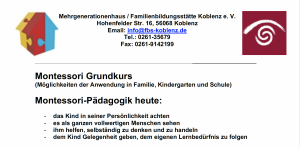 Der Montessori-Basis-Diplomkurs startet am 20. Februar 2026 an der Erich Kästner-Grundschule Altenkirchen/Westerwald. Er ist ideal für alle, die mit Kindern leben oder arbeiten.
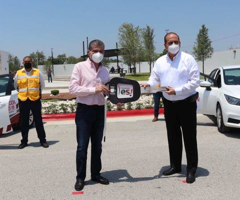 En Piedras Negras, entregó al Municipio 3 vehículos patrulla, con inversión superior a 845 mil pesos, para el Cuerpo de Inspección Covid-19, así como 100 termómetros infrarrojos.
...
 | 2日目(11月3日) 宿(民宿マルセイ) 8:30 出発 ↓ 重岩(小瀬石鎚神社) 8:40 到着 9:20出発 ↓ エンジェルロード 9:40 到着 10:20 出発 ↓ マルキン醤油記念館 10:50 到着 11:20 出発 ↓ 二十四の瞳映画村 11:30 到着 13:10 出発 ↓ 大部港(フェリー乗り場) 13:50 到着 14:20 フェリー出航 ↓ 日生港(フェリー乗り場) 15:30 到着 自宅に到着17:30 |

* [Problem description] Give the lines above again exactly, from the one containing "Der Montessori-Basis-Diplomkurs startet" to the one containing "En Piedras Negras, entregó", both included, but leave out the pictures.

* [Task output]
 Der Montessori-Basis-Diplomkurs startet am 20. Februar 2026 an der Erich Kästner-Grundschule Altenkirchen/Westerwald. Er ist ideal für alle, die mit Kindern leben oder arbeiten.
 En Piedras Negras, entregó al Municipio 3 vehículos patrulla, con inversión superior a 845 mil pesos, para el Cuerpo de Inspección Covid-19, así como 100 termómetros infrarrojos.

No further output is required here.